INFORMATION SHOWN section start

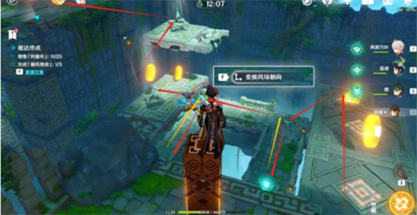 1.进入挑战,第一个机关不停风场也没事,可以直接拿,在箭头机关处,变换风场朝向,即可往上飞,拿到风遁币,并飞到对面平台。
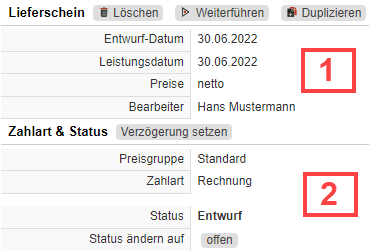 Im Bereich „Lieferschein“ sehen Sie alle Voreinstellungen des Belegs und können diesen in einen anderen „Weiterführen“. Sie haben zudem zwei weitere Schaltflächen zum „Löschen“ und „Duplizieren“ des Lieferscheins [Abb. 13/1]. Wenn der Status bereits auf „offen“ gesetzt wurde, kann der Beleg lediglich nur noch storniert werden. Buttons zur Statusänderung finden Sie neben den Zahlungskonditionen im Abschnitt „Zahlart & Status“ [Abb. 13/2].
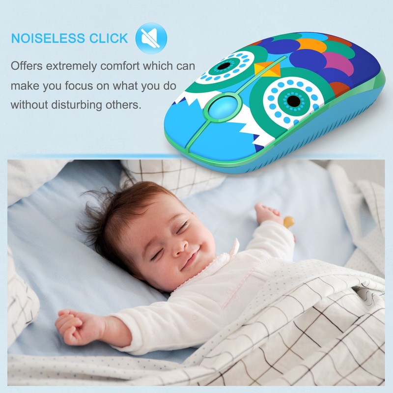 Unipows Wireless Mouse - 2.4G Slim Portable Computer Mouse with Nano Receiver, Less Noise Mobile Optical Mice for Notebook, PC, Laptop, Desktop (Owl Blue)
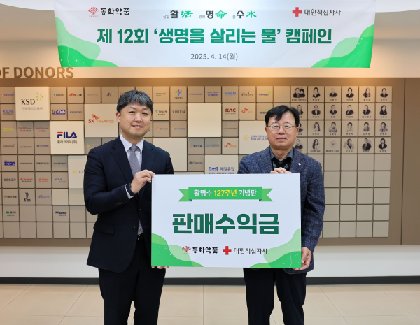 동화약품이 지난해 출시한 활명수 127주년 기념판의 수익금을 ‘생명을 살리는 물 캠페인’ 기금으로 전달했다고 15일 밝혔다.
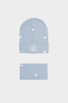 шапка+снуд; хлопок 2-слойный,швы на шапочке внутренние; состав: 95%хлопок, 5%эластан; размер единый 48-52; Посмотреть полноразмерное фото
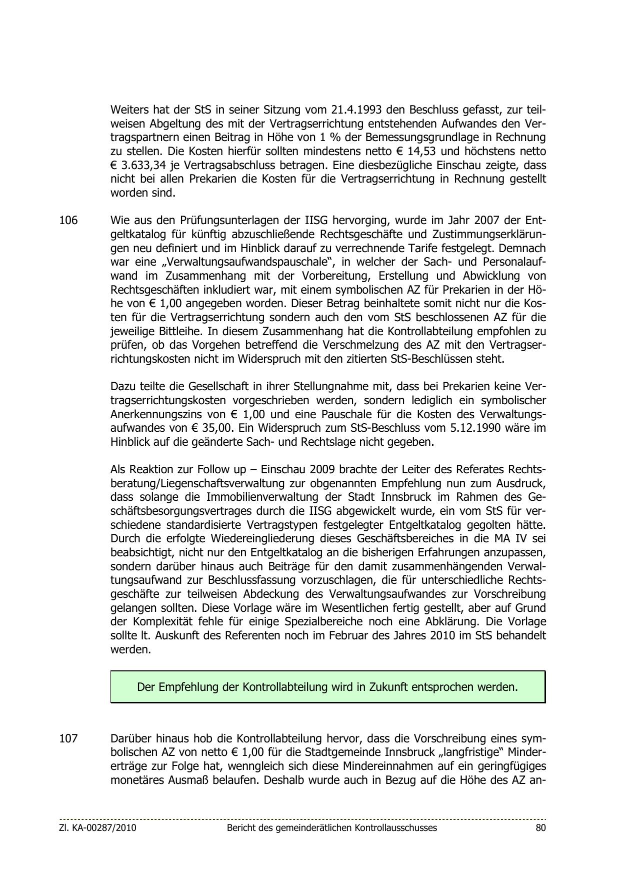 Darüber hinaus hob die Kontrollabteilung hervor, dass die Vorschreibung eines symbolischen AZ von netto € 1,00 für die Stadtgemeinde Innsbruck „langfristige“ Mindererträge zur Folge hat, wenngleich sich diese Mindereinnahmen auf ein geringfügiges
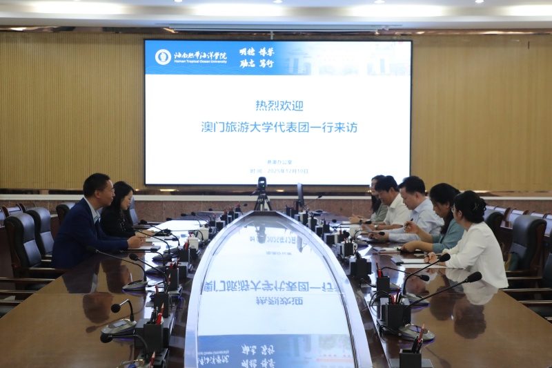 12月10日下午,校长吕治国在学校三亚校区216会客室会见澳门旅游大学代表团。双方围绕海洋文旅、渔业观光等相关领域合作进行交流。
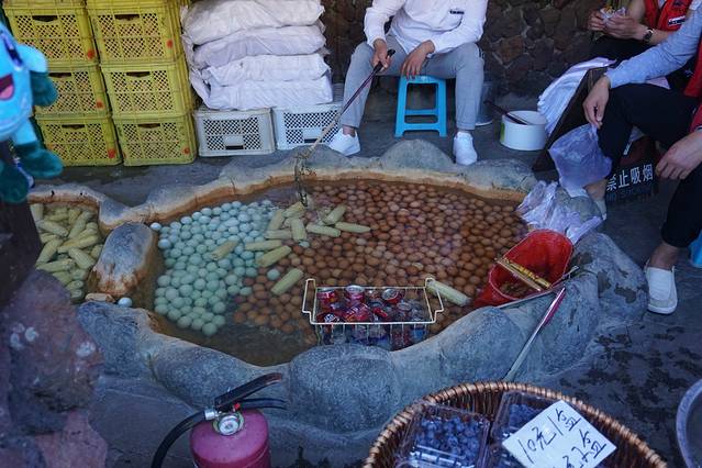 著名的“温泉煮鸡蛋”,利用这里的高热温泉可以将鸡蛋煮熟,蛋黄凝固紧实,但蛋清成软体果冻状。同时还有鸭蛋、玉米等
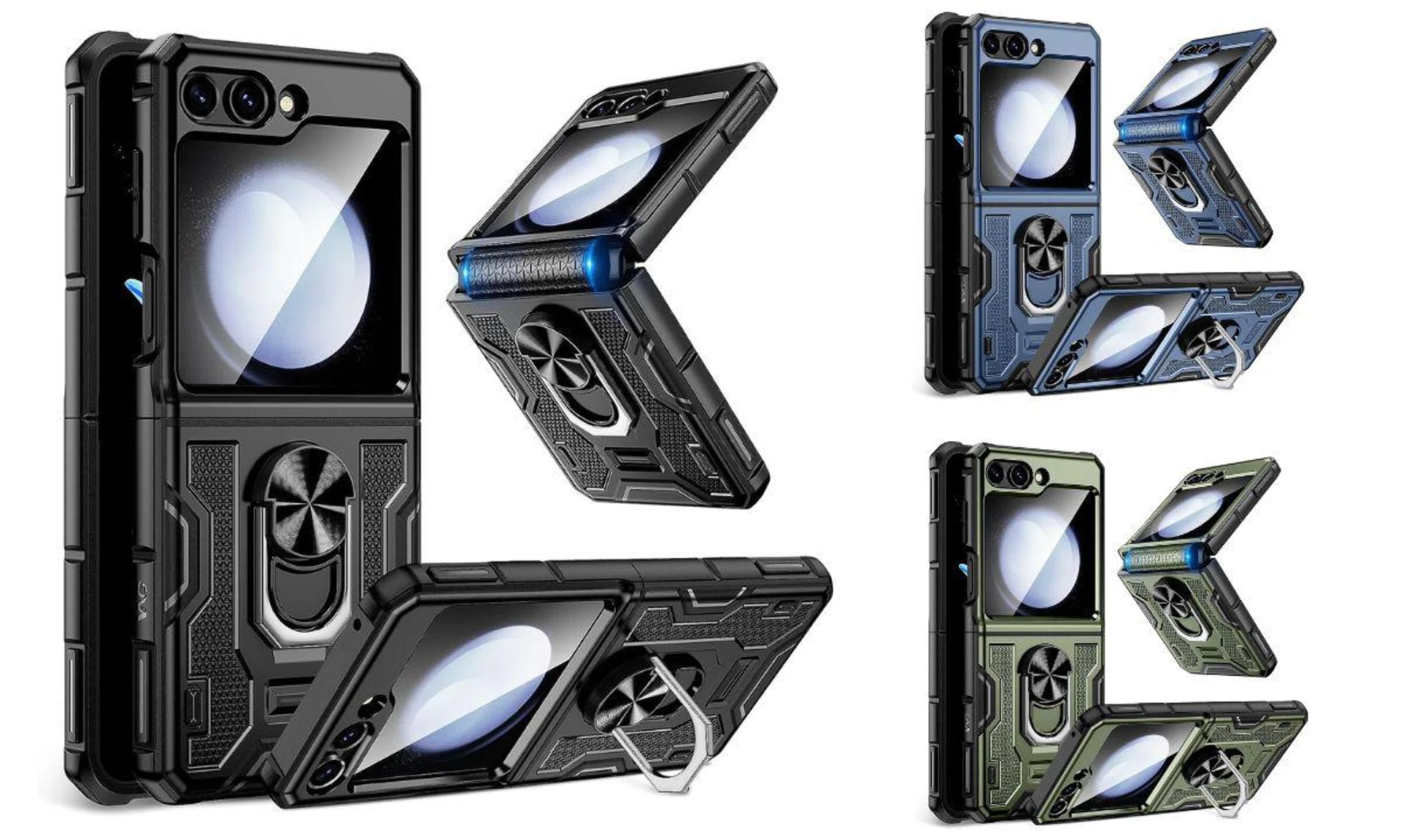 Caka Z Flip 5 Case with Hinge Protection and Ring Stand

INFORMATION SHOWN section end

* TASK TO COMPLETE *
Reproduce every record above exactly, but leave out the pictures.

* RESULT *
 1.进入挑战,第一个机关不停风场也没事,可以直接拿,在箭头机关处,变换风场朝向,即可往上飞,拿到风遁币,并飞到对面平台。
 Im Bereich „Lieferschein“ sehen Sie alle Voreinstellungen des Belegs und können diesen in einen anderen „Weiterführen“. Sie haben zudem zwei weitere Schaltflächen zum „Löschen“ und „Duplizieren“ des Lieferscheins [Abb. 13/1]. Wenn der Status bereits auf „offen“ gesetzt wurde, kann der Beleg lediglich nur noch storniert werden. Buttons zur Statusänderung finden Sie neben den Zahlungskonditionen im Abschnitt „Zahlart & Status“ [Abb. 13/2].
 Unipows Wireless Mouse - 2.4G Slim Portable Computer Mouse with Nano Receiver, Less Noise Mobile Optical Mice for Notebook, PC, Laptop, Desktop (Owl Blue)
 동화약품이 지난해 출시한 활명수 127주년 기념판의 수익금을 ‘생명을 살리는 물 캠페인’ 기금으로 전달했다고 15일 밝혔다.
 шапка+снуд; хлопок 2-слойный,швы на шапочке внутренние; состав: 95%хлопок, 5%эластан; размер единый 48-52; Посмотреть полноразмерное фото
 Darüber hinaus hob die Kontrollabteilung hervor, dass die Vorschreibung eines symbolischen AZ von netto € 1,00 für die Stadtgemeinde Innsbruck „langfristige“ Mindererträge zur Folge hat, wenngleich sich diese Mindereinnahmen auf ein geringfügiges
 12月10日下午,校长吕治国在学校三亚校区216会客室会见澳门旅游大学代表团。双方围绕海洋文旅、渔业观光等相关领域合作进行交流。
 著名的“温泉煮鸡蛋”,利用这里的高热温泉可以将鸡蛋煮熟,蛋黄凝固紧实,但蛋清成软体果冻状。同时还有鸭蛋、玉米等
 Caka Z Flip 5 Case with Hinge Protection and Ring Stand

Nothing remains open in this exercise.